1. If it is at all feasible we can redesign the system so that it does produce what we want.

2. Where that is too difficult, for whatever reasons, we can scrap the current system and start again — reinventing it from first principles in ways that fulfil more relevant design criteria.

For example, we might find the system of democracy as it is currently practised too ideologically narrow, aligned too closely with exclusive institutional interests, biased and open to favours, and consequently unable any longer to adequately represent the will of the people — which was the original impulse. In these circumstances we might agree to reinvent the democratic system according to criteria that ensure future policy outputs are culturally inclusive, ethically responsible, economically and ecologically viable, technically straightforward, and socially compassionate. Different design criteria.

It is worth clarifying what I mean when I use a term like system because it can be interpreted very loosely to mean different things.
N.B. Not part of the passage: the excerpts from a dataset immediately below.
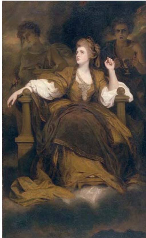
Illustration 4 : Sir Joshua Reynolds, Sarah Siddons as the Tragic Muse , 1784.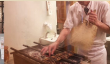
60 Fujita Eel Restaurant

111-2 Hamamatsu Act Tower 5F Itayamachi, Naka-ku 11am-3pm 5pm-11pm Su, Holiday 11am-10pm Closed Dec 31st to Jan 1st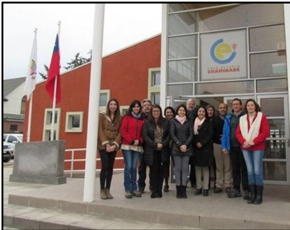
Casa Estudio Chaminade, Linares.

There are 19 members of the Region of Chile. In addition, one member of the Region of Columbia-Ecuador serves as Novice Director at the Latin American Novitiate located in Santiago. The Region's mission is heavily concentrated in education, with 5 colegios and the new Casa Estudio Chaminade. Four of these are located in the Santiago area, while the fifth school and the Casa are in Linares, several hours to the south. In addition, the Region engages in various other ministries, including 2 parishes, a university student residence and works of solidarity. In Santiago, there are 4 communities, and another one in Linares.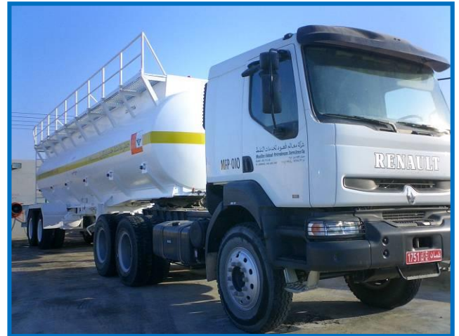
Acid Tankers with Prime Mover 30MT, 26000 ltr.....at site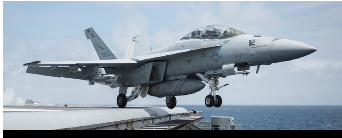
Figure 1. F/A-18F Super Hornet, Two-Seat Model

The Navy and Marine Corps have 102 different models of aircraft.<sup>5</sup> During this audit, we reviewed the BAA for all models of the F/A-18, MH-60, and T-45 aircraft. The F/A-18 Hornet (F/A-18 A-D models) and Super Hornet (F/A-18 E-F models) are multi-mission naval strike fighters used by the Navy and Marine Corps. The F/A-18 was initially deployed in 1978 and received a major upgrade in the late 1990s. According to program office officials, the F/A-18 A-D is expected to remain in service until 2030 and the F/A-18 E-F replacement is planned to start in the 2030s. See Figure 1 for a picture of an F/A-18F Super Hornet.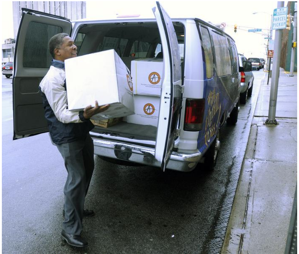
A Hoosier Park employee unloads Thanksgiving supplies for The Christian Center. The casino doubled its donations over previous years.

"As a member of the community, Hoosier Park understands the importance of giving back, especially in the holiday season," said Hoosier Park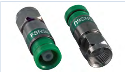
FSNS6U ProSNS™ Universal F Connector

Installations in Commercial and Residential Audio/Video, Security, and Broadband markets will be a "snap", thanks to the low compression force associated with traditional Snap-N-Seal® connectors along with the patented non-blind entry with a floating pin design from F-Conn®.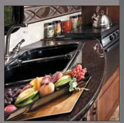
Optional solid surface counter top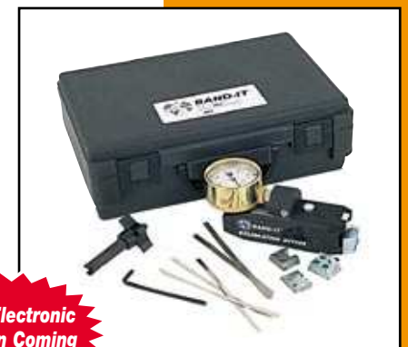
A50099 Tie-Dex® Calibration Kit

50 test bands. Weight: 0.1 Lbs (0.06 Kg).

The world is a highly complex system of interconnected parts comprising ecosystems, landscapes, climate, oceans, living creatures, and a great deal more. Likewise the systems humans have fabricated to grow and distribute food, or produce energy, for example, are also whole systems.

But whereas a natural system may not have any evident goal, human-made systems are functionally designed as coherent entities. Comprising a number of interdependent parts, they are made to satisfy an identified and stated need, and have agreed inputs that are transformed by a collection of processes into desired outputs. In other words they are teleologically conceived to produce something that is desired by the system’s architects. Dynamically complex systems such as these can be scoped and better understood by defining their boundary, structure and behaviours. One can then make simplified representations (or models) of the system in order to anticipate (or impact) its future behaviour.
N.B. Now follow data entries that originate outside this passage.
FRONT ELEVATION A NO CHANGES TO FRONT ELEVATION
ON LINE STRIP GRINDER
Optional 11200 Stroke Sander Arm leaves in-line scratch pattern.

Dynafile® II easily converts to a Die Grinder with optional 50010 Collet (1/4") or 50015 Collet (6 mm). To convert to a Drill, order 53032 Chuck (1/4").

One of the systems currently failing humanity is that of governance — particularly the ways in which power and praxis are applied in service to society. In truth no political system anywhere in the world is working as intended. Traditional societies in the Middle East are at each other’s throats, encouraging the flare-up of extreme religious fundamentalism. China is struggling to balance its socialist inclinations with market capitalism. Even the most effective democracies and quasi democratic states are failing in their duty to protect, respect, and promote the well-being of all citizens.

Common reactions to the unfolding political circus in the United States, the focus on exceptionalism, ego and celebrity, the farce of the Brexit plebiscite in the UK, the barren flatland arising from political infighting in Australia, the economic instabilities of Europe, and the elevation of South Africa as the most corrupt country on the planet, has left us confused, angry and disengaged. Many people are beginning to wake up to the fact that political systems are so thoroughly rigged they can only produce the outcomes to which we are now witnesses.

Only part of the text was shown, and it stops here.